☆☆☆

狂気ではないけれど


 終わりではないが、3曲を形にしたところで一段落。つかの間の休憩といったところ。近所の花自慢オヤジさんの庭にも目が行くようになった。


 砂を噛むような気分だったものが、少しは潤いというものを感じるようになったわけだ。ま、油断はできないわけだが。曲を作る時は、沸いたイメージを次々とパソコン上のファイルとして残していく。キーボードを弾いてメモをする感覚だが、少々の音のミスなどは気にせずにファイルを保存し続ける。仕上げは後回しで、新しい思いつきが優先される。新しい発想を求めて彷徨い続けるという方が近い。「なんだこれ」とガッカリするものも数多く残る。というか、そっちの方が多い。あまりにもファイルが増え過ぎたところで整理する。可能性のあるものをいくつか残し、これ以上の発展は望めないというものを消去する。

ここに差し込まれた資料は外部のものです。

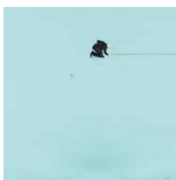
JIMENA RINCON PEREZSANDI Chalk Acrylique sur toile 120 x 120 cm

そんなことを5時間ぶっ通しでやったりすることが、ほぼクレイジーな作業であることは間違いない。可能性のあるものが出来たとしても、どこか「もっといいもの」を期待する欲求の方が勝っていてなかなか着地できない。
 昨夜、思いついた一つのフレーズがいきなり形になって曲としての体裁が見えた。それが2曲続いた。そこで、気になっていたファイルまで仕上げてみた。3曲になった。仕上げる予定のものが5曲ほどあるから、なんとかなりそうだってな気分になったわけだ。と言いつつも、新しいものを求める気分は抑えがたくあるわけだが、それは止められない。
 こんな作業はとにかくパワーが必要だということを痛感する次第。辛いことでもあって、それを知っているからなかなか腰を上げないことになる。先日、合間を縫ってヴォイスパーカッションの方と個別のリハーサルをやってみたが、ヴォイスパーカッションの限界も見えて、ドラムの援軍を要請することになった。で、思うのは、作る方も大変だが、その譜面を見せられてこちらの意図を計りつつ音を出す共演者も大変だということだ。作る時はそんなことなどまったく気にしていないわけだから、ま、ある意味迷惑だろうと察することができる。
 しかしながら、この人騒がせな作業こそがミュージシャンとして生きることを決めた動機であることは確かなのだ。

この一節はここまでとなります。